Last year was a very dark time for WeWork. After losing nearly $2 billion in 2018, the company went into the new year with big plans of filing an IPO. Analysts quickly voiced misgivings over the sustainability of the company’s business models and its corporate governance standards. WeWork’s initial valuation of $47 billion dropped dramatically to just $10 billion by September 2019. Eventually, the IPO was delayed and then pulled completely as it became clear the company was little more than an elaborate house of cards.

SoftBank is still helping WeWork, though — This deal was separate from SoftBank’s bailout plan for WeWork, which includes $5 billion in financing. It’s not that SoftBank has dropped the company completely; rather, it’s pulled a sizable amount of support meant for shareholders. The conglomerate planned to buy nearly $1 billion in WeWork shares from founder Adam Neumann to expunge him from the business, as well as roughly another $2 billion in sales from other top investors. Those investors are the ones who will be hit hardest by SoftBank’s change of heart.

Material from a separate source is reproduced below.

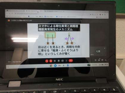12月16日(金)第2回学校保健委員会 公開日 2022/12/16 更新日 2022/12/16 今日の西中 第2回学校保健委員会がmeetを用いて行われました。今回は「生活習慣を見直そう〜メディアとの付き合い方について〜」をテーマに、西中生の実態やメディアが体に及ぼす様々な影響など、保健委員が説明してくれました。メディア長時間視聴の健康被害についても、わかりやすく伝えてもらいました。今後の生活に生かしていけることと思います。
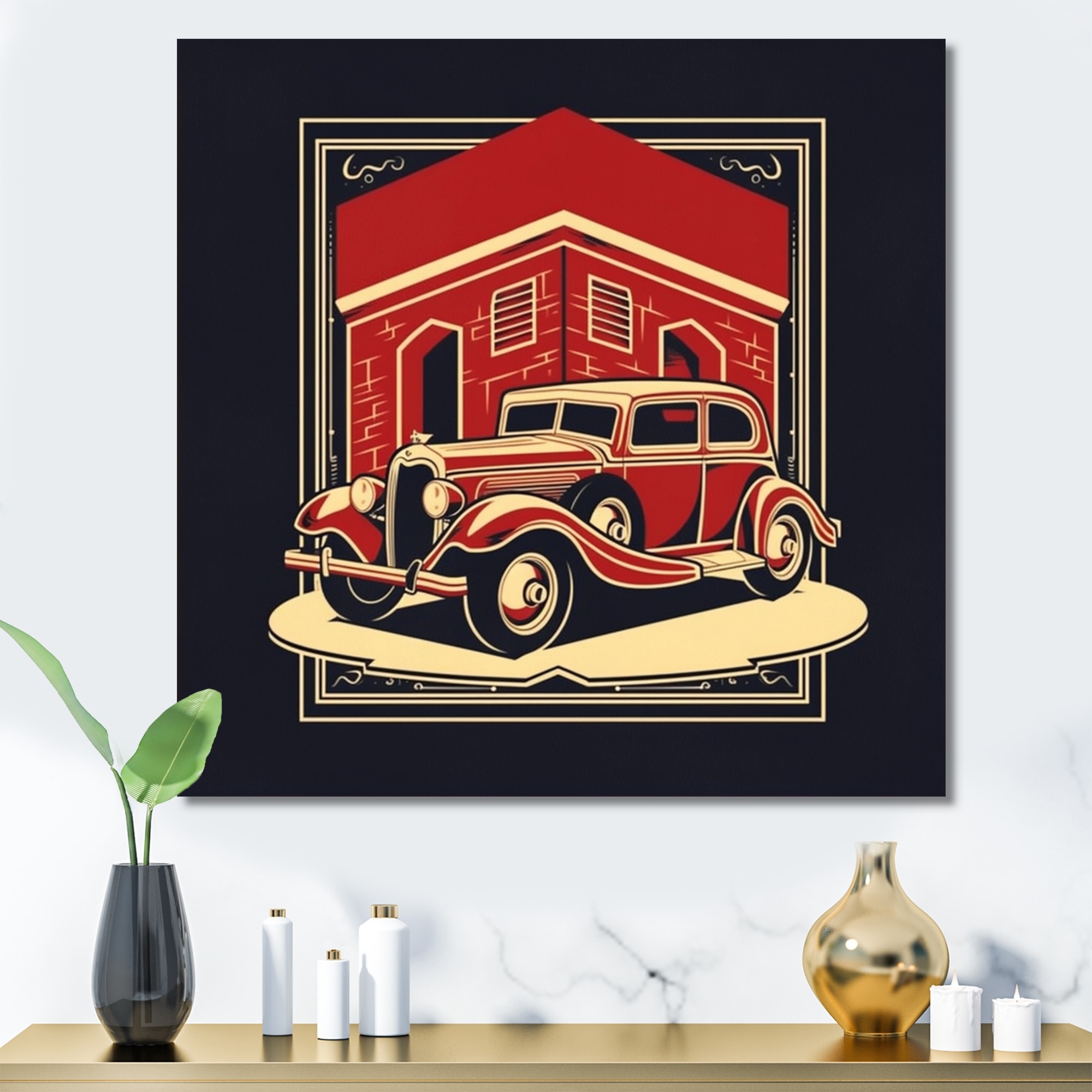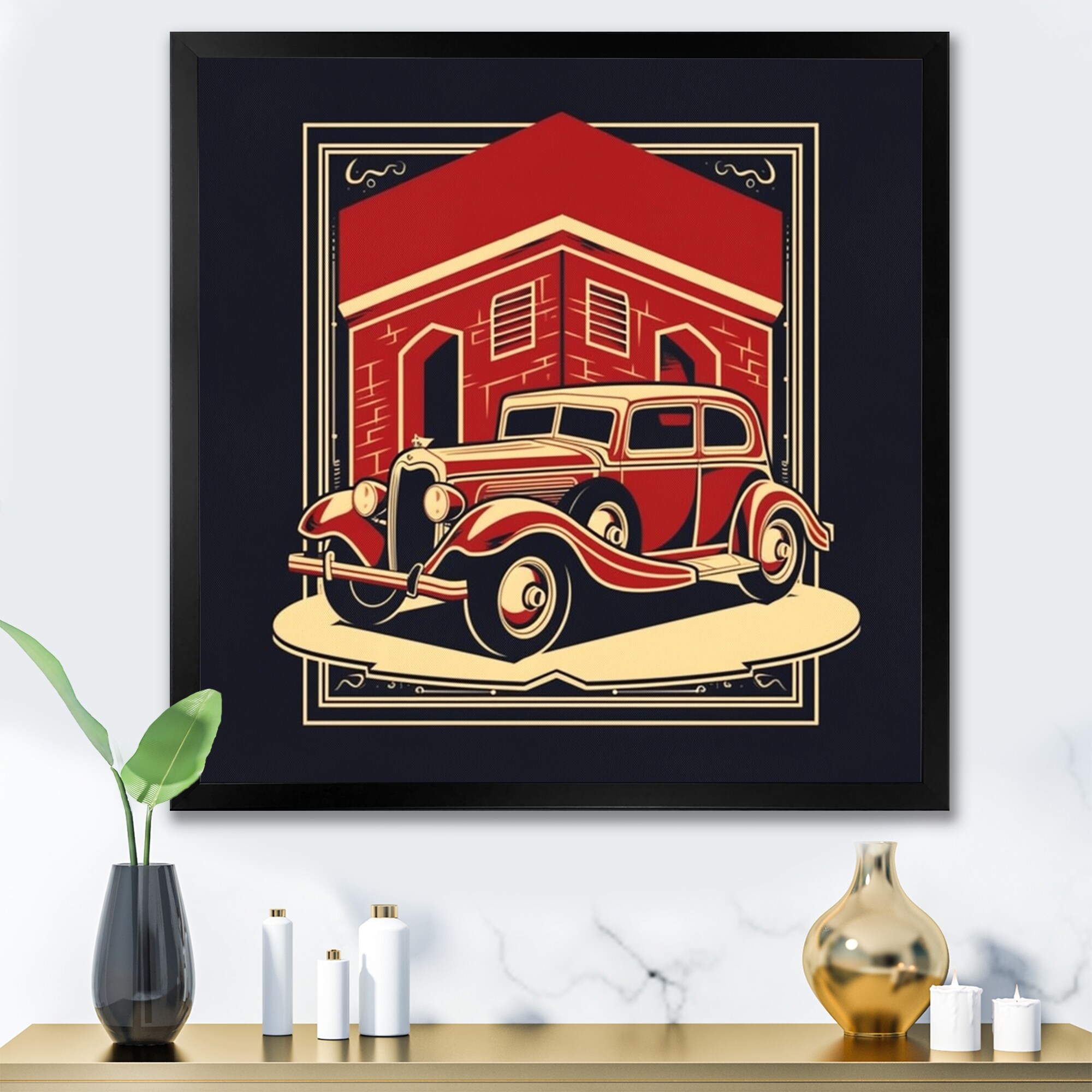 Designart "Red And Black Reflections of Retro Cars" Retro Car Wall Art for Living Room

The deal also promised another $1 billion in debt financing for WeWork — that part of the agreement is still up in the air, according to a person familiar with the matter.

As a business built on shared working spaces, WeWork attendance has likely been hit hard by COVID-19 social distancing measures, too. The company hasn't said much about it, but we know at least a few of its offices have seen coronavirus cases, and the longer the health crisis persists, the greater the financial toll on the already beleaguered company.

SoftBank has until now been WeWork’s greatest safety net. The company has committed more than $14.25 billion to WeWork to date, so it's got plenty of motivation to try and salvage it. Though SoftBank is still backing WeWork right now, this move could be a dark portent for the relationship between the two companies in the future, and for WeWork's long-term prospects of survival, let alone resuscitation.